Support Vector Regression (SVR)

Use SVR module from sklearn.


In [22]:
# Write code to import necessary module for SVR
from sklearn.svm import SVR 

# Write code to train a SVR model and to test its performance on the test set
svr = SVR() # TO DELETE
svr.fit(X_train, y_train) 
svr_R2 = svr.score(X_test, y_test) 

print("Support Vector Regression R2 = ", svr_R2)

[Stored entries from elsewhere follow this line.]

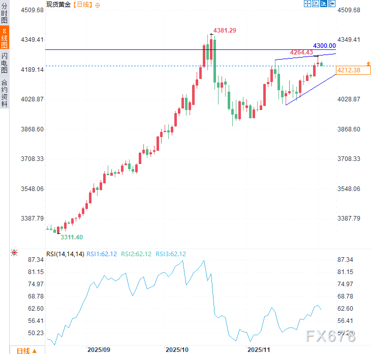 黄金技术分析仍呈积极态势,金价目前仍守住在4200美元这一重要关口。若价格能够突破下图所示形态,上涨动能有望进一步增强。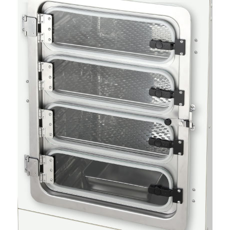 同系統のインキュベーターは、2段積み金具で上下を固定することで、本体を2段積みにできます。(下段にMIR-154を設置した場合は不可) |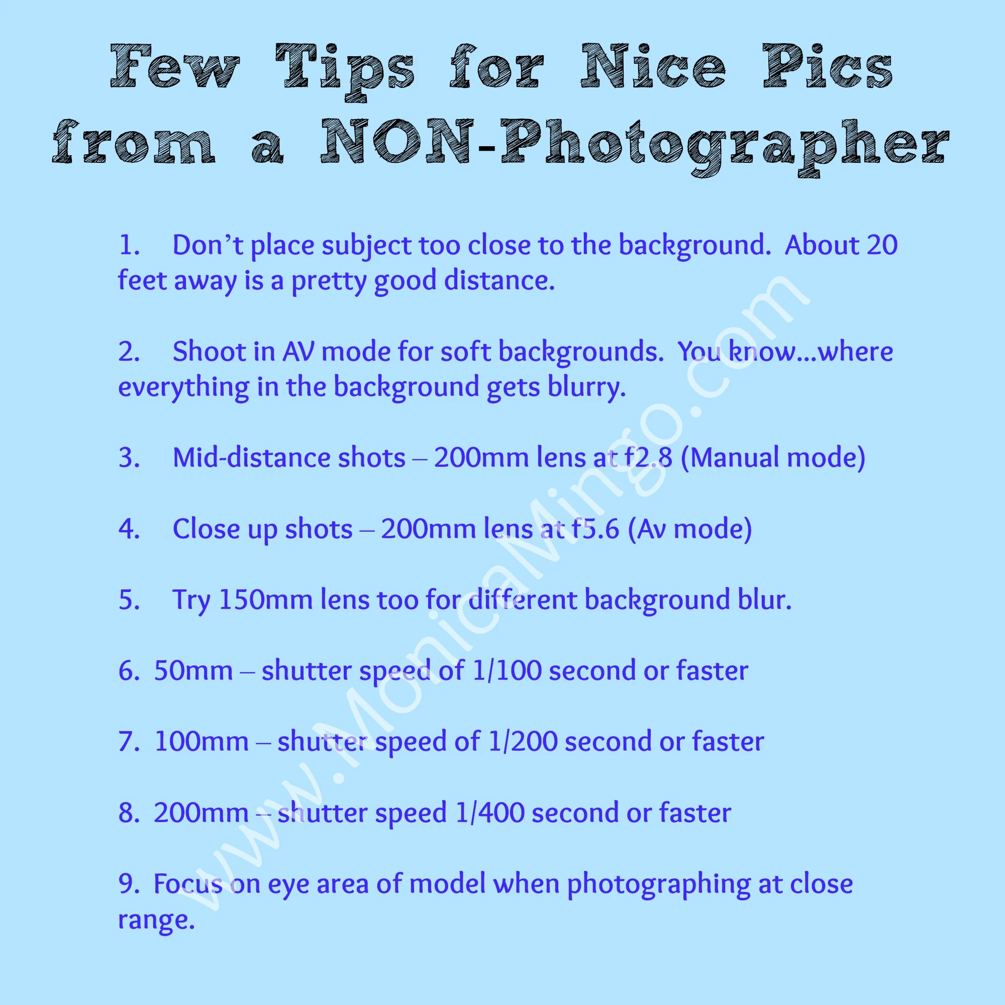 So, here are a few tips I've learned along the way by just doing it.  I have books and read photography sites but honestly...they are all snobby with the information.  They talk to you like you should know other stuff already.  They seriously need to know how to explain stuff mo'betta.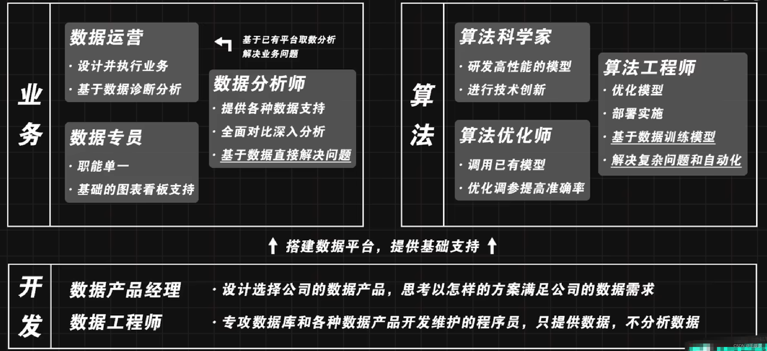 数据分析必备原理思路(二) 1.拆解问题的一个原则:MECE法则 2.拆解问题的四类方法:时间流程法、模型框架法、量化公式法、穷尽要素法 3.分析框架和问题量化在业务场景中如何应用:(1)业务诊断-指标异动分析 (2)业务增长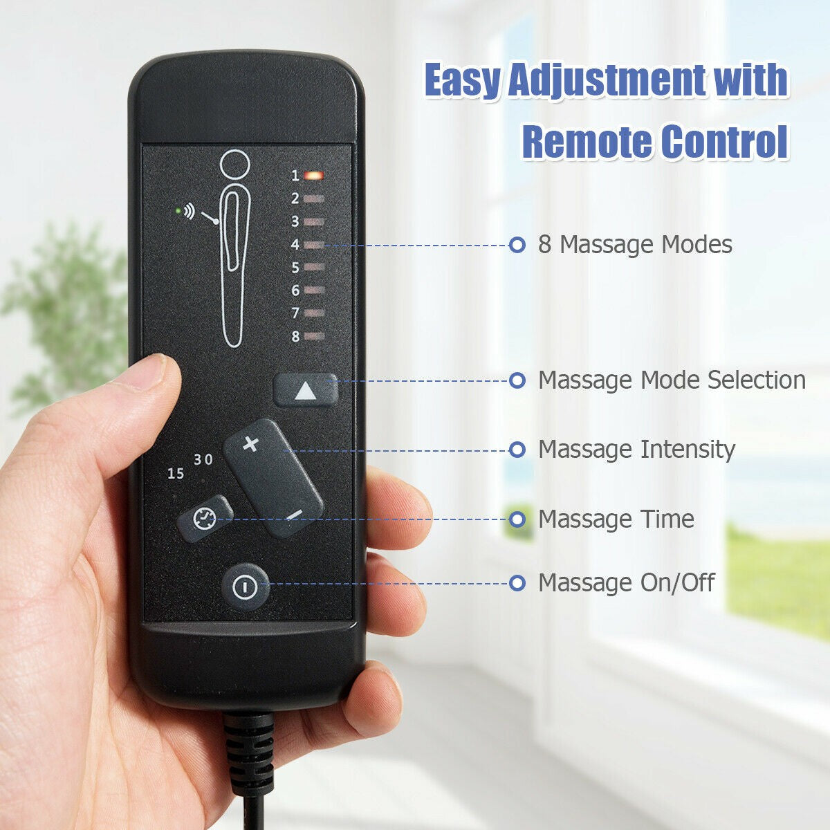 Equipped with a convenient remote control and a side pocket, it can be simply adjusted to your desired massage needs. Further, 90 - 160 degree adjustable angles in 3 fixed positions are added for sitting or lying comfortably when reading, watching TV or having a simply rest. Never worrying about the stability when you lying down, because it is finely crafted from solid metal brackets inside with a high load-bearing capacity. Super comfortable cushion and multiply functions to relieve painful fatigue and tense muscles to be worth buying!

Support Vector Regression R2 =  0.868650279485
/usr/local/lib/python3.5/dist-packages/sklearn/utils/validation.py:526: DataConversionWarning: A column-vector y was passed when a 1d array was expected. Please change the shape of y to (n_samples, ), for example using ravel().
  y = column_or_1d(y, warn=True)

Random Forest Regressor

Use RandomForestRegressor from sklearn library.


In [23]:
# Write code to import necessary module for RandomForestRegressor
from sklearn.ensemble import RandomForestRegressor 

# Write code to train a RandomForestRegressor model and to test its performance on the test set
rfr = RandomForestRegressor() 
rfr.fit(X_train, y_train) 
rfr_R2 = rfr.score(X_test, y_test) 

print("Random Forest Regressor R2 = ", rfr_R2)


Random Forest Regressor R2 =  0.997746422187
/usr/local/lib/python3.5/dist-packages/ipykernel_launcher.py:6: DataConversionWarning: A column-vector y was passed when a 1d array was expected. Please change the shape of y to (n_samples,), for example using ravel().